Predicción automatizada de funciones enzimáticas con base en el código EC
Los números de la Enzyme Commission (EC) representan un sistema ontológico que define y organiza las funciones enzimáticas en un lenguaje amigable tanto para humanos como para computadoras. Existen cuatro niveles en esta clasificación, el más general tiene 6 categorías: oxidorreductasas, transferasas, hidrolasas, liasas, isomerasas y ligasas. Los dos niveles siguientes representan subcategorías mientras que el más bajo, indica el sustrato de la enzima dada. La predicción automatizada de funciones enzimáticas es un problema común en bioinformática, principalmente por las dificultades que implica identificar funcionalmente a las proteínas en el laboratorio. Actualmente existen varias herramientas para predecir funciones enzimáticas por homología, propiedades fisicoquímicas, estructura primaria y estructura tridimensional, además métodos de aprendizaje automático como bosques aleatorios y redes neuronales se han propuesto para llevar a cabo esta tarea. En este trabajo, Dalkiran y compañía proponen ECPred, un clasificador de secuencias de proteínas que usa aprendizaje automático supervisado que incorpora 3 herramientas basadas en homología, extracción de subsecuencias y propiedades fisicoquímicas.
Los autores entrenaron modelos de clasificación por cada número EC, tanto positivos como negativos usando proteínas de la base de datos UniProtKB/Swiss-Prot y en las pruebas de validación, que en aprendizaje automático se hacen con un subconjunto de datos similares a los usados en el entrenamiento del modelo, obtuvieron resultados alentadores.
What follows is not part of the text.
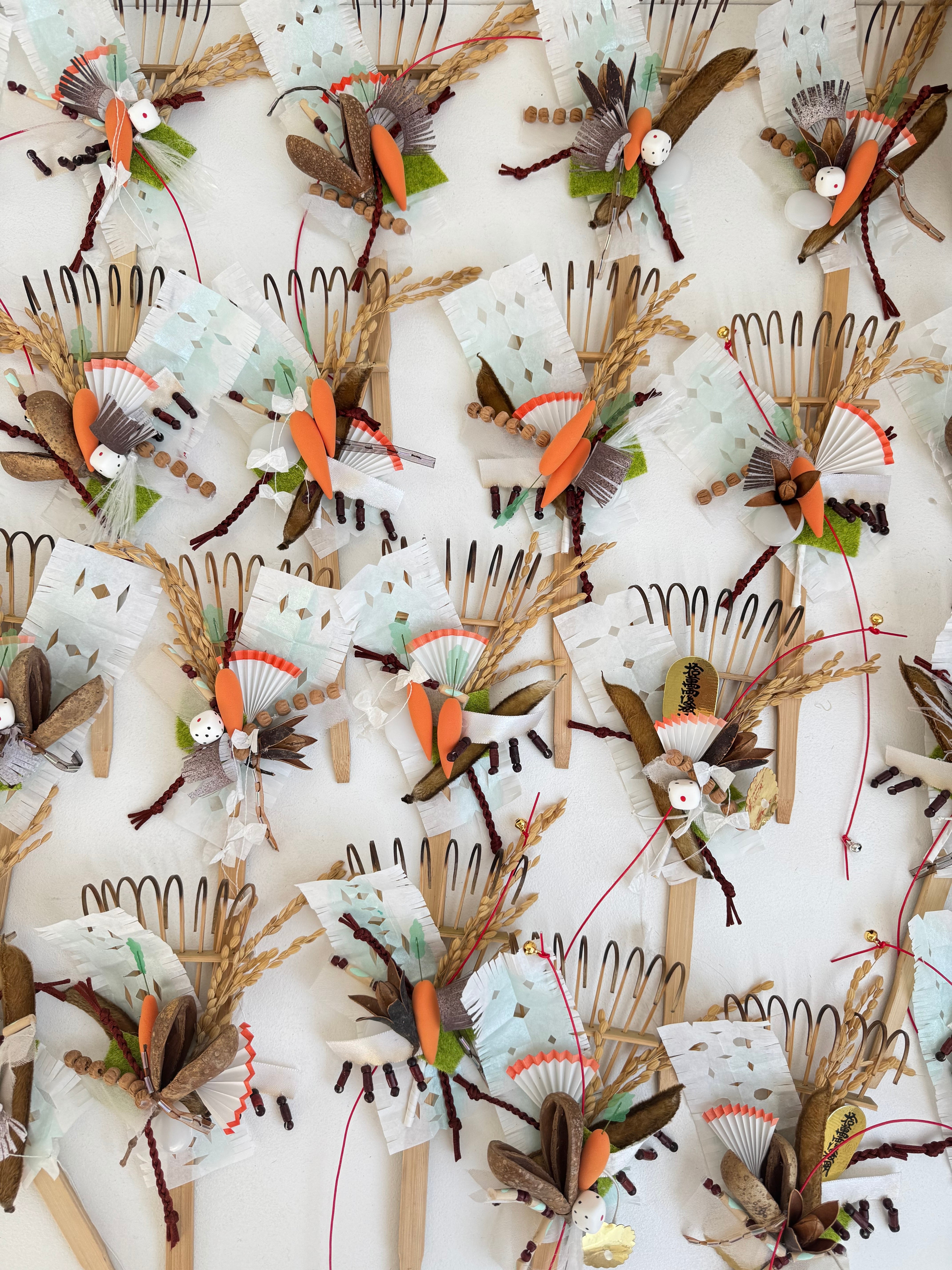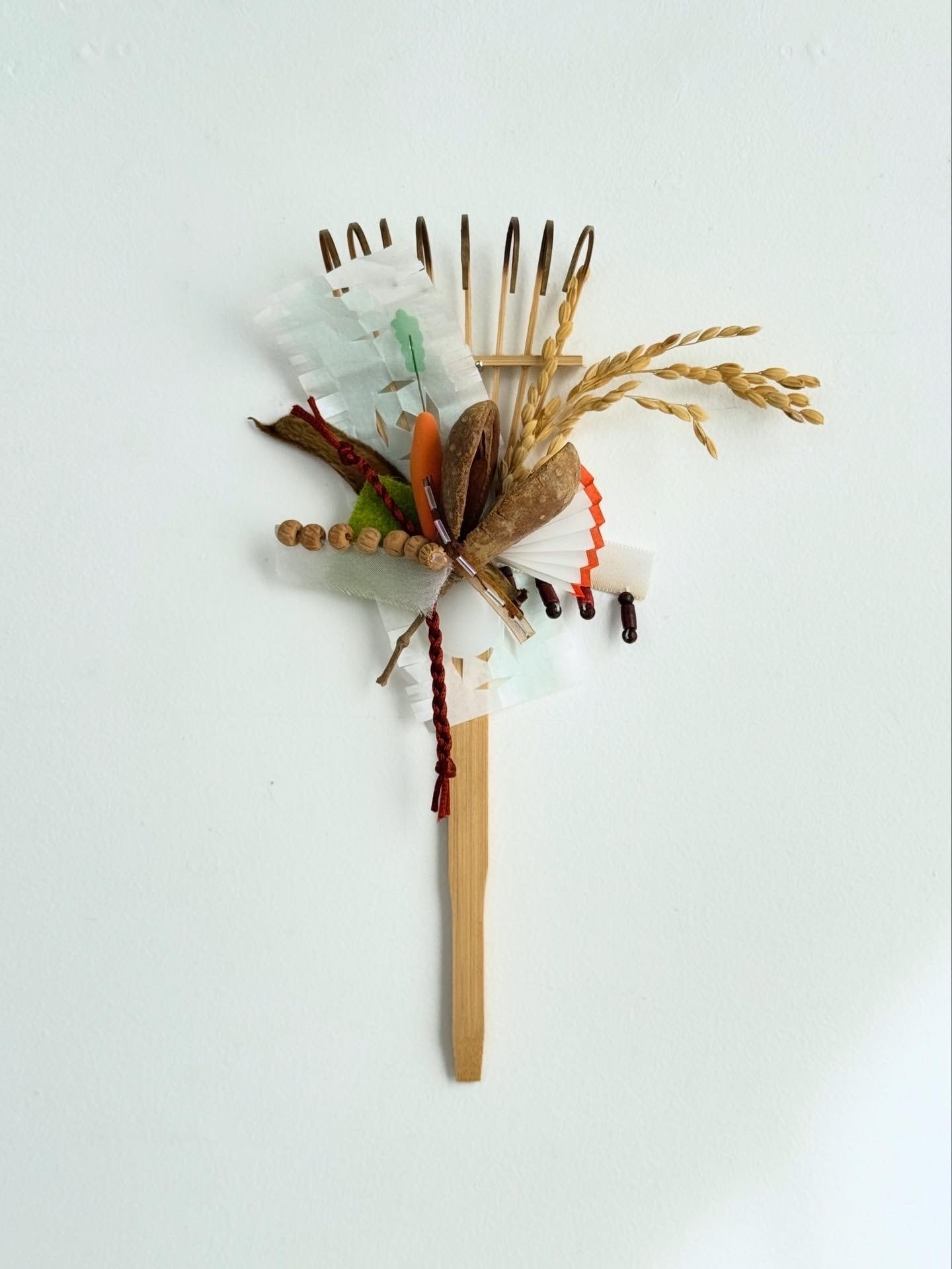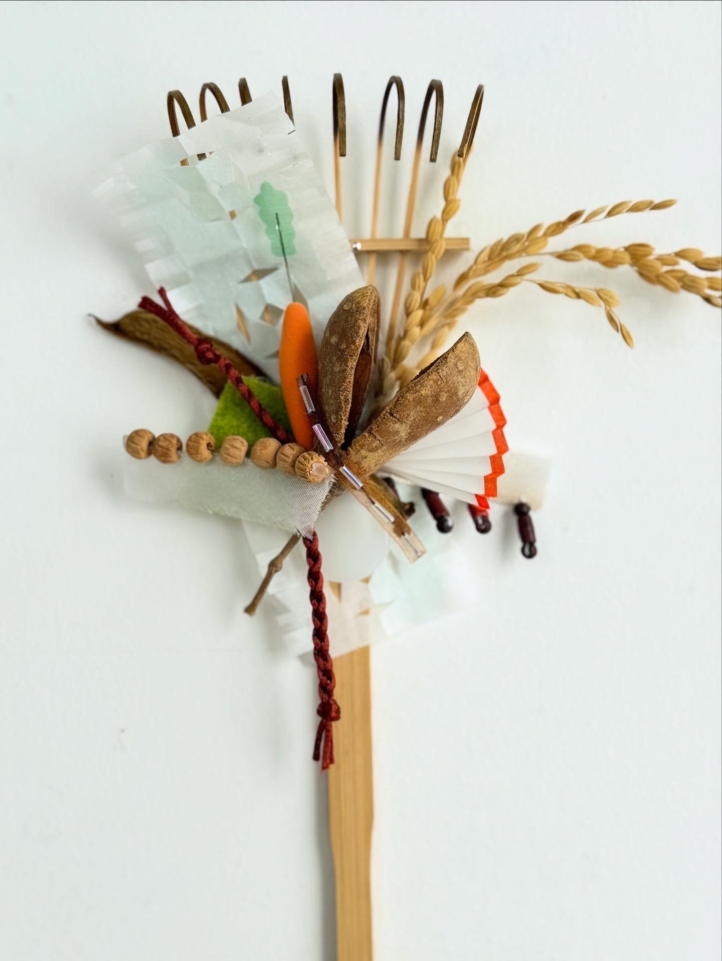 おめでたい屋さん 特別バージョンの熊手です。 お花やはるちゃん(fiore soffitta)と渡邉紘子が制作したり、集めた縁起物を組み合わせています。今年は来年の干支の「馬」をイメージしてモチーフを作りました。白〜ベージュ〜茶色の中にオレンジとグリーンが少し入る色合いに、さまざまな質感のものを散りばめています。

Posteriormente, compararon su herramienta con otras estrategias de vanguardia para clasificar proteínas recientemente agregadas a UniProt y encontraron que en la mayoría de los casos ECPred tuvo el mejor desempeño, sobre todo cuando se tiene un número bajo de instancias de entrenamiento. Además ECPred resultó ser más eficiente que cada uno de los métodos que utiliza, lo cual revela la ganancia en usar una estrategia combinada. A continuación, los autores demostraron que su estrategia puede asignar funciones enzimáticas a proteínas que carecen de información de dominios de Pfam, lo cual requieren otros programas y es atribuible a la estrategia de añadir modelos negativos. Finalmente, los autores usaron un conjunto de datos truncos usados por una herramienta basada en la estructura tridimensional de las proteínas y los usaron para comparar ECPred con otros métodos de clasificación y encontraron que éste tuvo un buen desempeño. Esta herramienta podría resultar útil al analizar el potencial metabólico predicho de comunidades microbianas, sobre todo en el caso de proteínas que no tienen homólogos detectables en las bases de datos.
Dalkiran, Alperen, et al. «ECPred: a tool for the prediction of the enzymatic functions of protein sequences based on the EC nomenclature.» BMC bioinformatics 19.1 (2018): 334.